Last week I told you that living in Zürich isn't that different. 


I wonder what planet I was on last week (hopefully one of the hot ones since it is currently snowing). Life here is different, very different, for a variety of reasons. 

There are the things that are obvious at first, but which eventually slip away and become the background noise that hums this city to life...
...like the colorful buildings and the playful way they touch the sky...
...the long tongue-twisting street names (which simply mean Justice Alley)...
...the traditional Zopf bread, which is braided and fluffy, full of milk, butter and eggs...
...the Alps, most definitely the Alps...
...the farm only a few blocks away from our apartment and the friendly sheep that I greet on my daily walk...

Hovering just above the hum of buildings and bread (and really good butter) are the quirks and ticks, steady and constant, of the people here and how they live. Initially many of the Swiss-isms ruffled me. I wanted to scream Relax! and cut an escape hole in their perfectly constructed box. But, as it tends to go, instead of the Swiss climbing out, I've found myself slowing creeping in and adjusting to life in Switzerland by becoming just a little bit Swiss around the edges (and the edges are sharp mind you).

I used to be fashionably late to parties and now I show up on time with thirty seconds to spare. It's the Swiss way; they are a punctual group, with the entire country running with the precision of a Swiss watch. The perfectly synced and scheduled network of trams, trains, busses and boats can get you anywhere you need to go and exactly on time. It's wonderful for dinner party hostesses: your guests will arrive exactly when you asked them to, if not a little early. Knowing this you can put the chicken in the oven thirty minutes before start time, which leaves half an hour for a cocktail and some gougères before you pull the beautifully crisp and golden bird out of the oven. Ta-da! Hostess-with-the-Mostess! And sober to boot because you didn't guzzle those three compulsory glasses of the-roast-is-cold-beans-are-mushy-where-are-the-damn-guests wine. So invite us over for dinner and we'll be there exactly thirty seconds before you were expecting us.
As I dine on your perfectly roasted chicken you'll notice that I'll keep the fork in my left hand during the meal. It makes for a a nice eating rhythm; fork holds, knife slices, fork lifts and tips and comes down pausing slightly before carrying on. I guess it's more of a European-ism than a Swiss-ism (kind of like changing out of your PJs to take the garbage out - yes I do it too), but I adjusted and now it feels natural.

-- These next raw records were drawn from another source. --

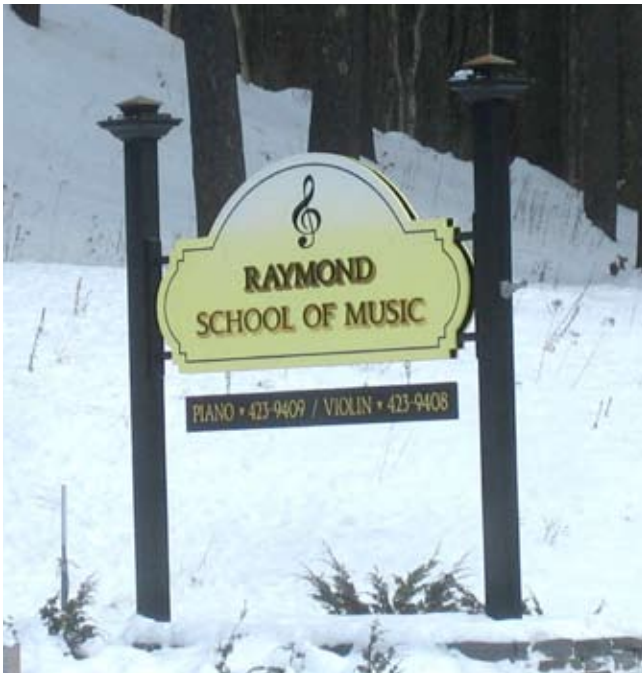
This simple, straightforward sign uses 20 letters and a logo to announce the location of the music school.
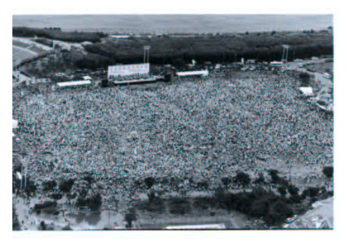
"Give us back a quiet and peaceful Okinawa." Over 85,000 people rallied on October 21, 1995, protesting the rape of a school girl by U.S. soldiers.
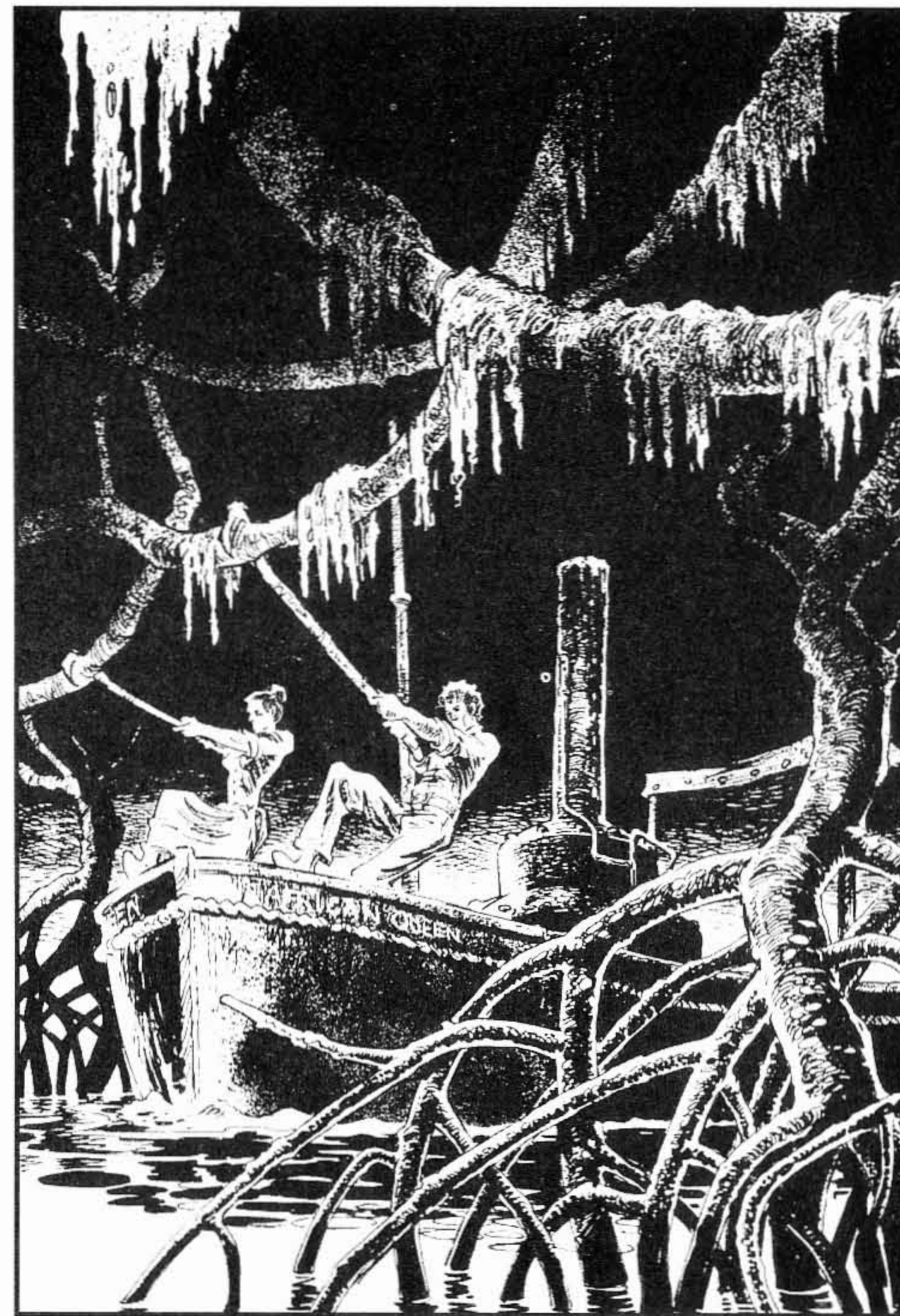
They lost all count of time in that dark mangrove swamp.

Then the channel took another turn, and in front of them was a view in which there were almost no mangroves.
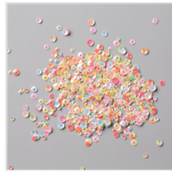
Iridescent Sequin Assortment - 144212
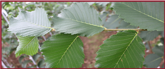
New Harmony Elm
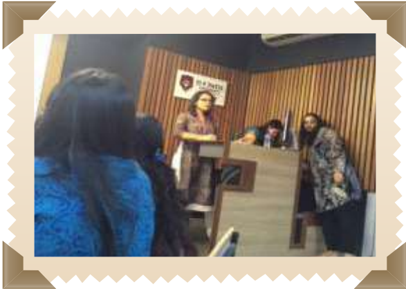
ACS(I) WCOCD DRL International Dermatosurgery Quiz Ahemedabad
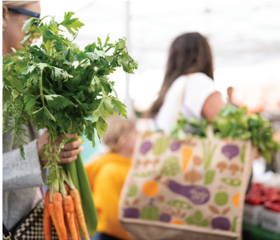
At the State Street Farmers Market, the biggest change you will notice is that you will no longer be able to take your goodies home from the market in a single-use plastic bag.

Assembly Bill 1276 is a California state law, sometimes referred to as "Skip the Stuff."
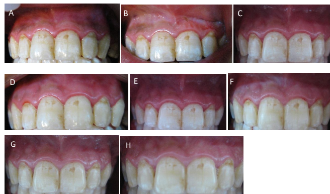
Figure 5. Follow Up Periods: (A) Pre-operative, (B) During the procedure (Laser on the left Quadrant; Cryosurgery on the Right Quadrant), (C) 1 week post-op (assessing wound healing), (D) 2 week post-op (assessing wound healing), (E) 1 month post-op, (F) 3 months post-op, (G) 6 months post-op, (H) 12 months post-op (No recurrence).

GPI had a significant difference between the 2 treatments over time so that laser had lesser GPI as compared to cryosurgery and the relationship between treatment and time was a continuous line, indicating no pigmentation recurrence during 12 months.
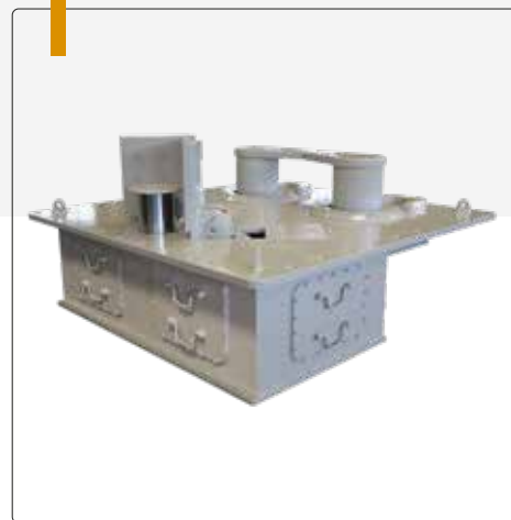
DTP 10 SJH Tow pin with shark jaw
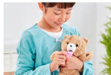
Sucks when a pacifier is popped into its mouth
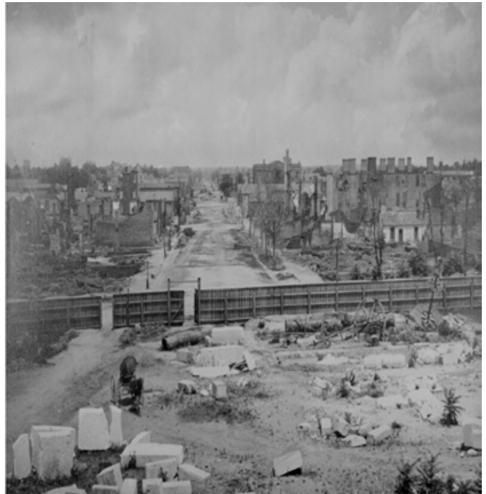
Columbia SC - February 15-17, 1865

Run VA. Feb 6 Lee named Commander of Confederate Armies. Feb 17 Federals capture Columbia SC, city in

Another Swiss-ism will strike just as we are leaving your perfectly hosted party. I'll tell you how lovely it was and how much we enjoyed the evening and then I'll proceed to kiss you on the cheek three times (trying to one up the French I suspect), and launch into a bout goodbye diarrhea - Aufweidersehen Merci Vilmal, Dankeschön, Schönes Wochenende, Bis Bald, Tschüss, Bis Morgen, Widerleurge!! Okay so maybe I won't bombard you with the Swiss goodbye at your Haus, especially if you are American, but I will - the goodbyes not the kisses - with the cashier at the grocery store, the vendors at the farmers market and the receptionist at the doctors office. I play goodbye ping-pong until I've run out of goodbye terminology and then I smile and run before it has time to start up again. Ciao Ciao!
So, yes, there are the sheep, the punctual people and the fact that I drink full fat milk and eat veal with abandon, but life is also different because I'm stuck in career limbo land. I thought I had everything figured out - my career, my path, my plan - after three years in architecture school, but then we moved here and the puzzle that I had pieced together was taken apart and the pieces put back in the box and given a good shake. I don't know how or when I'll find my way back to architecture. Everytime I'm about to open my resume.doc and start studying for a German proficiency exam I meet an architect who tells me the road will be tough, if not impossible, and that I shouldn't even bother. Oy! I'm trying not to worry or feel guilty, but that seems to be against my nature. 'What do I want to do with my life' is a question I don't have any finite answers too. I'm guessing you might know the feeling. I imagine we all find ourselves here at some point.
I don't mean to say I'm not happy, I am happy, probably the happiest I've ever been, I just find myself pondering the big weighty issues a bit more than I expected. In the midst of all the confusion though I've found a few interests that I never knew I had. I guess I'm experiencing the clichéd silver lining, a lining compete with good meals, a few trusty cameras and lots more writing than I imagined.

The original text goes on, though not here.